Highlights & Insights¶
- Core insight from the loss landscape perspective: The transferability problem is reframed as a loss landscape smoothness problem; replacing CE with semantic loss directly addresses this. This perspective generalizes to all research on adversarial transferability.
- Transformation invariance = model invariance: Applying random input-side transformations encourages the perturbation to learn high-level semantic features rather than low-level pixel patterns. High-level features are shared across models—this also explains why human-designed text images (FigStep) exhibit cross-model effectiveness.
- Challenges the "multi-surrogate" assumption: Prior work assumed that cross-model transfer requires ensembling multiple surrogate models; UltraBreak demonstrates that a single surrogate with the correct loss function suffices.
Limitations & Future Work¶
- Limited effectiveness against highly secure models: Claude-3-haiku achieves only 16% ASR, indicating that strongly aligned models remain robust.
- White-box surrogate dependency: A white-box open-source VLM is still required for gradient-based optimization.
- Defense directions: The paper exposes VLM vulnerability to transformation-invariant visual features, suggesting detection/defense strategies such as identifying text-like adversarial structures within images.
- Connection to GuardAlign: UltraBreak's visual attack and GuardAlign's OT-based safety detection represent a direct adversarial pairing.
Related Work & Insights¶
- vs. FigStep: FigStep manually crafts a separate image per target (one image per goal); UltraBreak automatically optimizes a single universal image, achieving higher ASR.
- vs. UMK/VAJM: These gradient-based methods use CE loss and severely overfit to the white-box surrogate; UltraBreak's semantic loss fundamentally resolves this issue.

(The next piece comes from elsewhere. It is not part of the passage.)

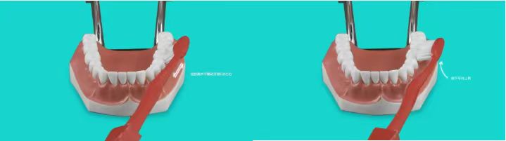 接着刷上下排牙齿的内侧面(即贴近舌头的那面)。前牙区牙刷竖放,后牙区同样把牙刷向牙根方向倾斜45度,放在牙龈边缘的位置,轻压,让刷毛进入龈沟。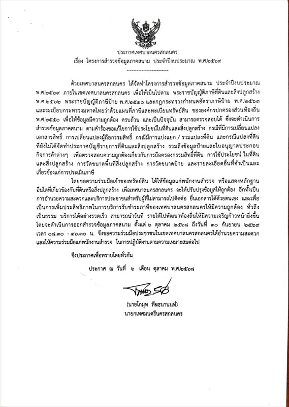 • ประกาศกระทรวงการคลังและกระทรวงมหาดไทย เรื่อง หลักเกณฑ์และวิธีการในการจัดเก็บภาษีที่ดินหรือสิ่งปลูกสร้างที่มีการใช้ประโยชน์หลายประเภท

- vs. text-side jailbreaks (GCG, etc.): UltraBreak operates in the visual modality, orthogonal to text-based attacks, and the two can be combined.
Rating¶
- Novelty: ⭐⭐⭐⭐⭐ The combination of loss landscape perspective, semantic loss, and transformation invariance is elegantly designed.
- Experimental Thoroughness: ⭐⭐⭐⭐⭐ Covers 6+ open-source models, 3 commercial models, 3 benchmarks, and comprehensive ablations.
- Writing Quality: ⭐⭐⭐⭐ Technical details are clear; ablation and visualization analyses are thorough.
- Value: ⭐⭐⭐⭐⭐ Reveals fundamental vulnerabilities in VLM safety with important implications for defense research.